Conference Agenda

Session
Mathematical and Statistical Modelling in the Life Sciences: Seeking causal explanations
Time:
Tuesday, 26/Aug/2025:
9:15am - 10:45am

Location: Biozentrum U1.111

Biozentrum, 302 seats

Presentations
inv-math-stat-modelling: 1

In silico simulations of cancer-immune interactions to aid clinical trial design and execution

Johannes Textor, Jeroen Creemers

Radboud University Nijmegen, The Netherlands

Cancer immunotherapy is an important application area for mathematical modeling. Current modeling studies have a range of ambitious goals from dose optimization to creating “digital twins” of individual cancer patients for treatment response prediction. Here we focus on a humbler, but nonetheless important, goal: aiding with the planning and design of clinical trials. Cancer immunotherapy trials can be hard to design due to heterogeneous and time-varying treatment effects. While clinical statisticians already use computer simulations, these rarely integrate explicit pathophysiological mechanisms, such as cancer-immune interactions, to specifically adapt the design to the treatment. Encouraged by rapid progress in mathematical modeling, we here propose an “in-silico-first” approach–already common in industry–where doctors, statisticians, and modelers build knowledge-based mathematical models to examine and refine the statistical design of clinical trials. We will discuss some experiences with such in silico trial designs in the cancer immunotherapy field. We wil also, reflect on how these approaches contrast to using causal diagrams for similar purposes, and offer some opinions on what we feel are advantages and disadvantages of each approach.

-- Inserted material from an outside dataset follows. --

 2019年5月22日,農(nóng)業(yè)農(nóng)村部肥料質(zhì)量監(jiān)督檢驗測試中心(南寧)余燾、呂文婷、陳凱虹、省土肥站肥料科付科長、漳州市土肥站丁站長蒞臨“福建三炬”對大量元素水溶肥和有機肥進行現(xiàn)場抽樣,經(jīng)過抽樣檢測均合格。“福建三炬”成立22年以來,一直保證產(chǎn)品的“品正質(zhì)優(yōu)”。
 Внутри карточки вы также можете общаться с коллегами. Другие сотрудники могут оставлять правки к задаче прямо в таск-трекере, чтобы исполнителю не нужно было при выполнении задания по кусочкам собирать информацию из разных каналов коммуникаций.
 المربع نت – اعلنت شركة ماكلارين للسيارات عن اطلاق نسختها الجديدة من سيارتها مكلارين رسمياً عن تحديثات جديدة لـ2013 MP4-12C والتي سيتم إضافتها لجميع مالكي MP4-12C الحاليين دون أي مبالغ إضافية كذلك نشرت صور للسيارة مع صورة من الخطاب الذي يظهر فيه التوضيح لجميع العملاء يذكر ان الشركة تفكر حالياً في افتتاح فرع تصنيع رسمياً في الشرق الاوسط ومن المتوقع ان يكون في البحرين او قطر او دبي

inv-math-stat-modelling: 2

Evolutionary dynamics of cancer progression and response to treatment

Ivana Bozic

University of Washington, United States of America

Cancer results from a stochastic evolutionary process characterized by the accumulation of mutations that are responsible for tumor initiation, progression, immune escape, and drug resistance, as well as mutations with no effect on the phenotype. Mathematical modeling, combined with clinical, sequencing and epidemiological data, can be used to describe the dynamics of tumor cell populations and to obtain insights into the hidden evolutionary processes leading to cancer. I will present recent approaches for quantifying the evolutionary dynamics of cancer in patients, and their implications for deciphering cancer heterogeneity and response to therapy.

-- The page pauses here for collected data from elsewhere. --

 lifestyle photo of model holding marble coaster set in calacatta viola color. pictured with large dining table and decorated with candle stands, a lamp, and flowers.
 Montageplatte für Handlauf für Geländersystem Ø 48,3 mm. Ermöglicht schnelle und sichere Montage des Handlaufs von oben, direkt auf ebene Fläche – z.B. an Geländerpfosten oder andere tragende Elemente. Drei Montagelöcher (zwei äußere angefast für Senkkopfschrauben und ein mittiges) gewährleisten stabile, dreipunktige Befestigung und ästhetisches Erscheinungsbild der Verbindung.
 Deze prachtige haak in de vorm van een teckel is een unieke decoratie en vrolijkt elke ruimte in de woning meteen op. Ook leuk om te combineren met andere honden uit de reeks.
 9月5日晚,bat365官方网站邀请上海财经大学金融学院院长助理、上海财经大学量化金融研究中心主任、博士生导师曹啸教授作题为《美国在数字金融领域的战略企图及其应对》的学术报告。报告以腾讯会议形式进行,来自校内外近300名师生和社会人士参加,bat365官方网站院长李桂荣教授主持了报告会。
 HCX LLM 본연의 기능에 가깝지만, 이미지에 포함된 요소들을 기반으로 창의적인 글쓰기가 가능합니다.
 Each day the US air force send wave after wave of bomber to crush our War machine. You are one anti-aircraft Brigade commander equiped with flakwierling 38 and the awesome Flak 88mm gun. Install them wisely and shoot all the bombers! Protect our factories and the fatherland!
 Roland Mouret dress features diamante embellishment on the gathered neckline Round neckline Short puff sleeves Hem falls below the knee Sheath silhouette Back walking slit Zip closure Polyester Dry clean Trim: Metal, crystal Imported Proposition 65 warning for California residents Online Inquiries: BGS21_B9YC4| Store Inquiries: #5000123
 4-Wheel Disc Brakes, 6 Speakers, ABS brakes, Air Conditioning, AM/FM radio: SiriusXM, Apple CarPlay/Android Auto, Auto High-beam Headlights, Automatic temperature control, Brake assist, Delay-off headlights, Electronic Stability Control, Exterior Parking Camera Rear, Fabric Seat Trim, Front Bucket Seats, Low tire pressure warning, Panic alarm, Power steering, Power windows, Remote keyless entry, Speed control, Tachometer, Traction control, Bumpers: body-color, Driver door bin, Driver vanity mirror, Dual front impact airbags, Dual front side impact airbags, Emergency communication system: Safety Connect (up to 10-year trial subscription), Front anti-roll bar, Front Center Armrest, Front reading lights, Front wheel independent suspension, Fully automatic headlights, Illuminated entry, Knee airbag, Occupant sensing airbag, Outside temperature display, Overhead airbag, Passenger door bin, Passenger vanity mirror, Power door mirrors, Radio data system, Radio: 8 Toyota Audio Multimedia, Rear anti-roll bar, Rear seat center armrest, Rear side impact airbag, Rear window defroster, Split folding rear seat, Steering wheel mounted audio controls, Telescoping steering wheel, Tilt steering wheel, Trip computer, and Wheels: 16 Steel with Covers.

inv-math-stat-modelling: 3

Using DAGs and dynamical simulations to explore and understand causal links

Theis Lange

Department of Public Health, University of Copenhagen, Denmark

Directed acyclic graphs (DAGs) play a large role in the modern approach to causal inference. DAGs describe the relationship between measurements taken at various discrete times including the effect of interventions. The causal mechanisms, on the other hand, would naturally be assumed to be a continuous process operating over time in a cause–effect fashion. At the same time DAGs are less suited to provide insight into the actual effects of a given intervention on a desired outcome. The reason being that DAGs are really just an encoding of direction and absence of causal effect. It does not naturally express magnitudes or even directions. Finally, there are multiple misconceptions on if/how feedback can be expressed in DAGs. In this talk I will present how classic DAGs can be combined with systems dynamic thinking and simulations to increase their usability. It will also explore how the underlying principles in causal inference thinking (eg keep the scientific question in focus as well as clearly defined) can also strengthen simulation based methos.